=== Data for analysis ===
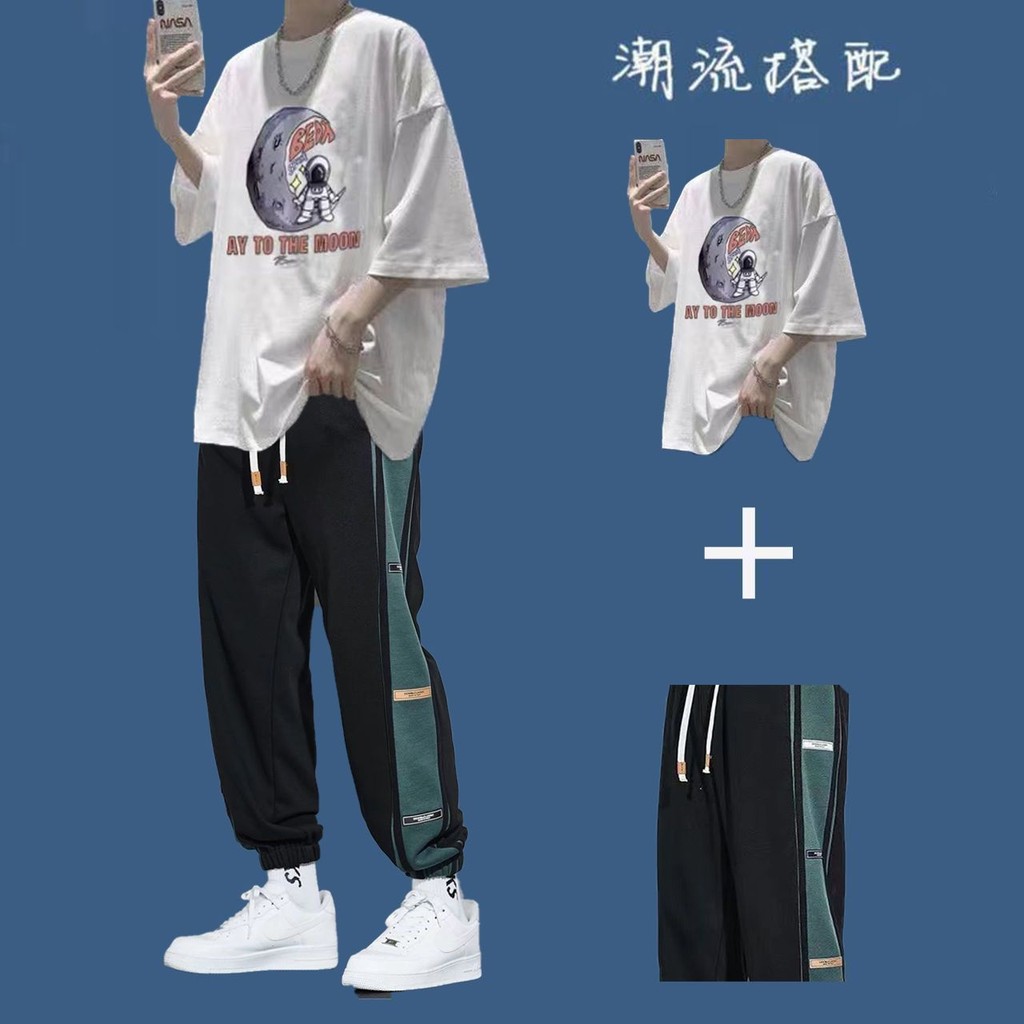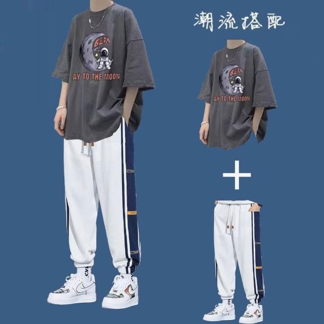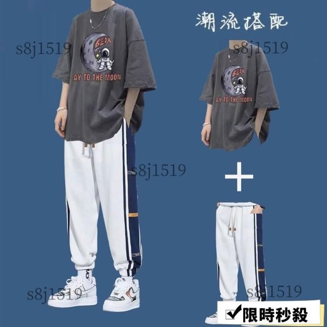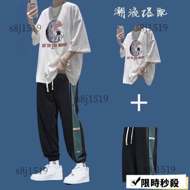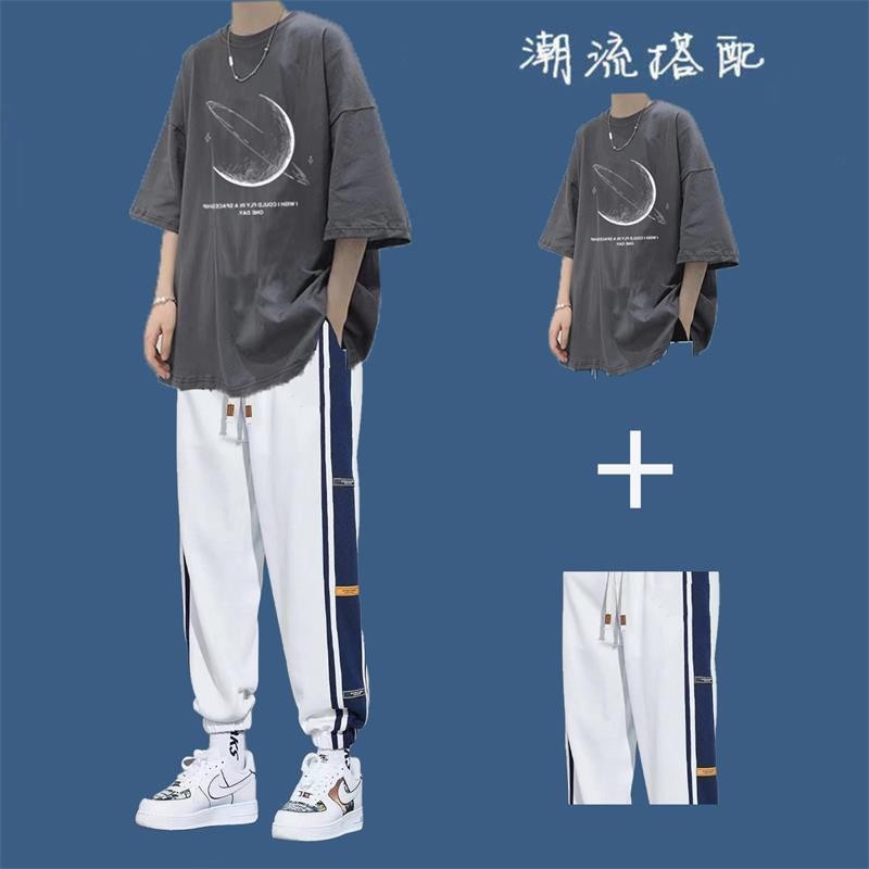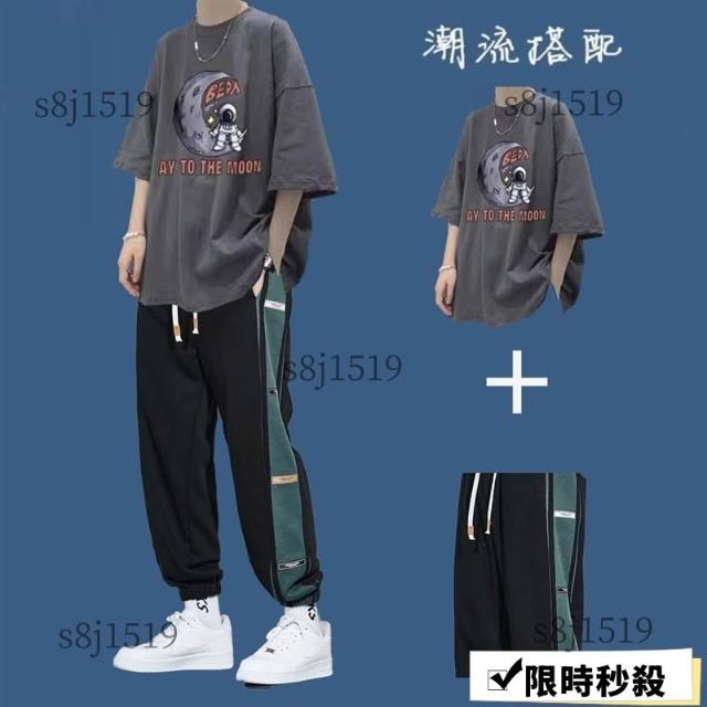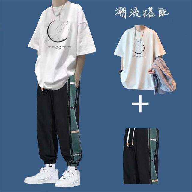 台灣免運套裝男 兩件式套裝 T恤男生短袖套裝夏季潮牌衣服ins港風百搭男裝一套帥氣運動兩件套632
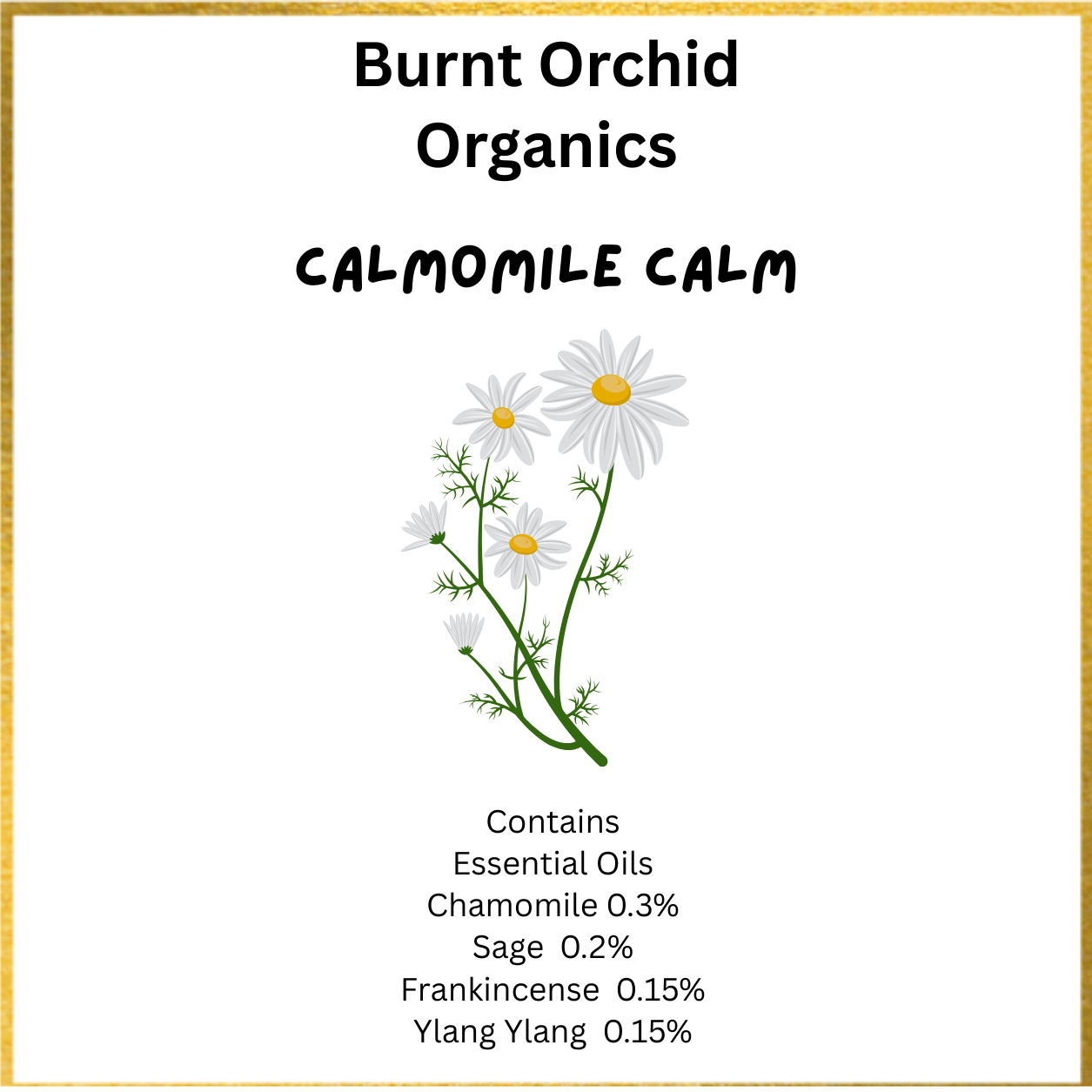 Camomile Calm: For anxiety-related sleep difficulties and emotional regulation. Contains: Roman Chamomile, Sage, Frankincense and Ylang Ylang
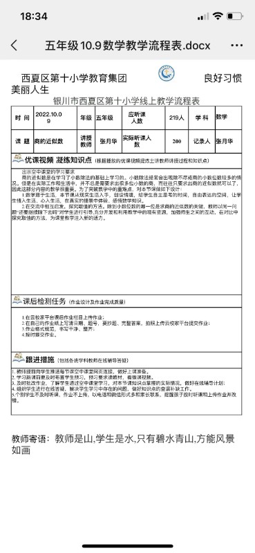 学校教导处统一制作课表,全体教师提前准备课程、精心整理资源、高效进入状态。依托宁夏教育资源公共服务平台宁夏数字学校“同步课程”及国家中小学智慧教育平台,以“宁教云”为平台采用线上优课推送和教师直播相结合的方式授课。线上教学实现了一次信息技术的普及,为现代化教学手段和传统教育的融合提供了一个助推器,为今后的教学实现跨越式发展提供坚实基础。
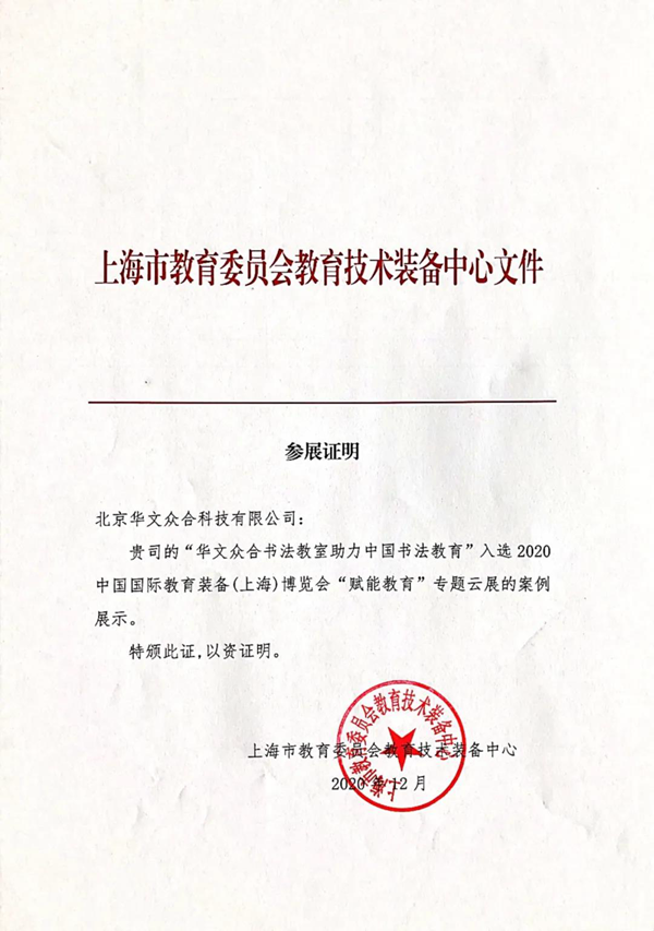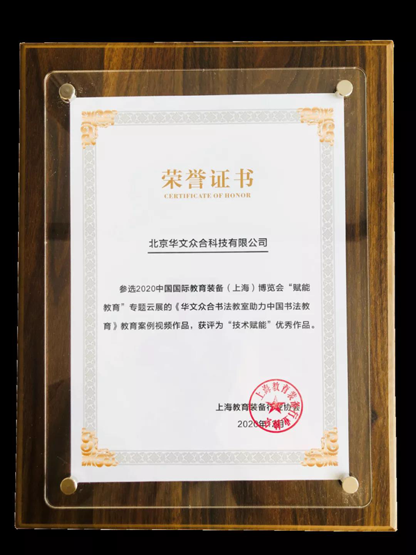 參選2020中國國際教育裝備(上海)博覽會(huì)“賦能教育”專題云展的《華文眾合智慧書法教室助力中國書法教育》教育案例視頻作品,獲評(píng)為“技術(shù)賦能”優(yōu)秀作品
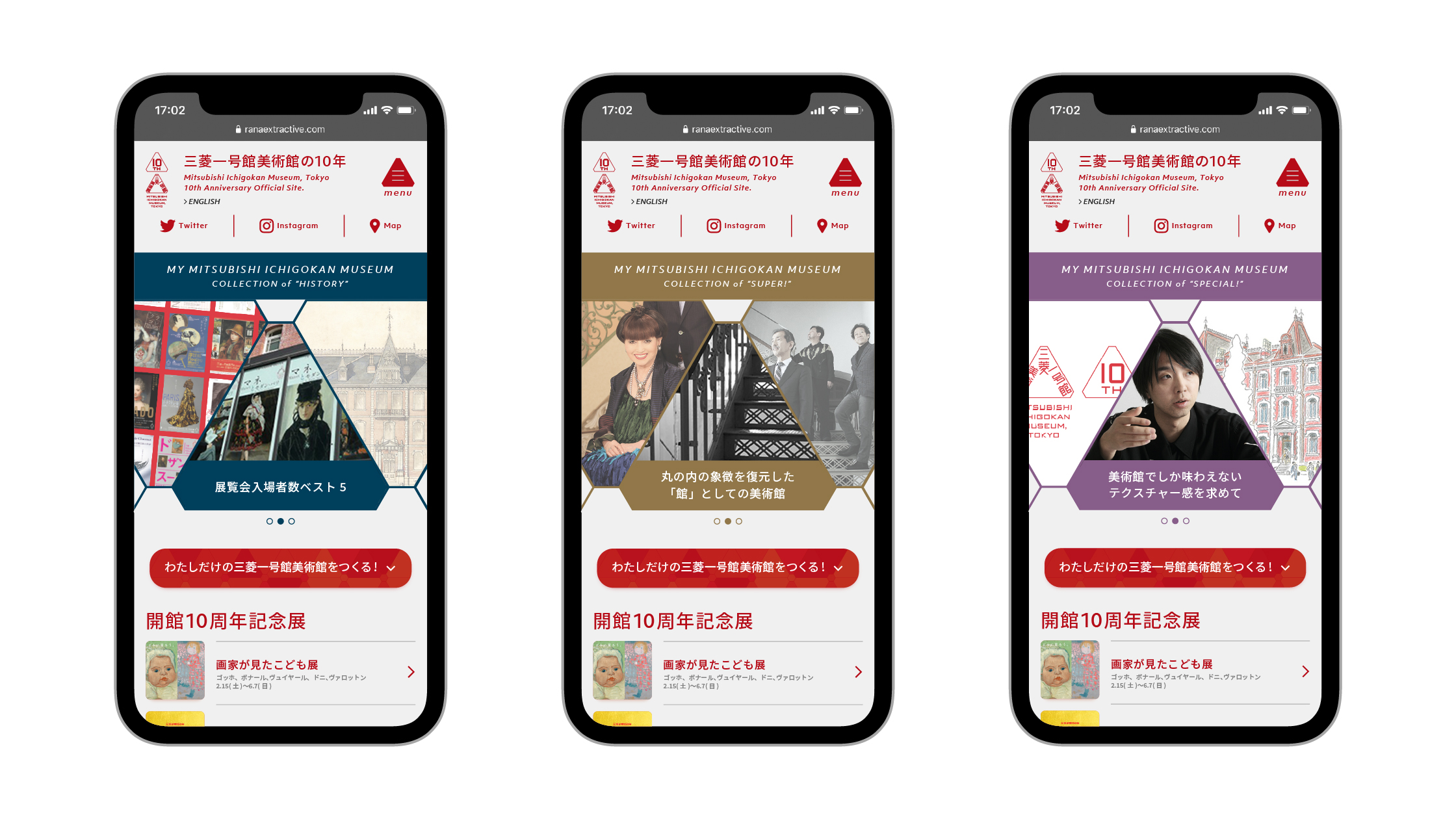トップページのデザインと表示する記事を選択して、自分だけの10周年記念サイトをつくることができる「わたしだけの三菱一号館美術館」というカスタマイズ機能を実装。また各記事を独立させることで、どこからでも読み始められる構成にしました。
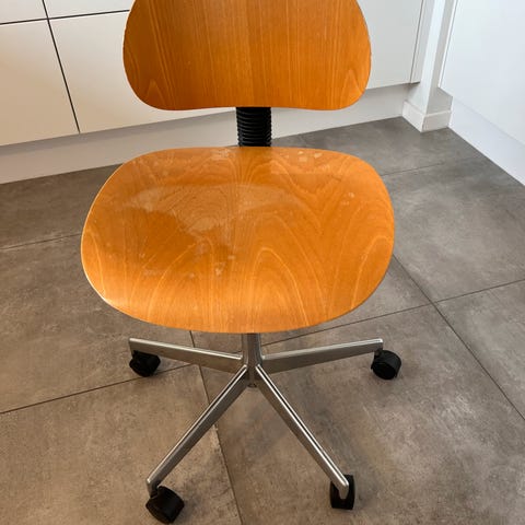 Kontorstol i fin stand af mærket Lagofa. Der kan ses lidt forbrugsspor på bl.a kanten af sædet, Se billedet. Ellers stabil og funktionel.

=== Your task ===
Output the line that contains "学校教导处统一制作课表,全体" and every line after it to the end of the records, word for word, leaving out the pictures.

=== Exercise solution ===
 学校教导处统一制作课表,全体教师提前准备课程、精心整理资源、高效进入状态。依托宁夏教育资源公共服务平台宁夏数字学校“同步课程”及国家中小学智慧教育平台,以“宁教云”为平台采用线上优课推送和教师直播相结合的方式授课。线上教学实现了一次信息技术的普及,为现代化教学手段和传统教育的融合提供了一个助推器,为今后的教学实现跨越式发展提供坚实基础。
 參選2020中國國際教育裝備(上海)博覽會(huì)“賦能教育”專題云展的《華文眾合智慧書法教室助力中國書法教育》教育案例視頻作品,獲評(píng)為“技術(shù)賦能”優(yōu)秀作品
トップページのデザインと表示する記事を選択して、自分だけの10周年記念サイトをつくることができる「わたしだけの三菱一号館美術館」というカスタマイズ機能を実装。また各記事を独立させることで、どこからでも読み始められる構成にしました。
 Kontorstol i fin stand af mærket Lagofa. Der kan ses lidt forbrugsspor på bl.a kanten af sædet, Se billedet. Ellers stabil og funktionel.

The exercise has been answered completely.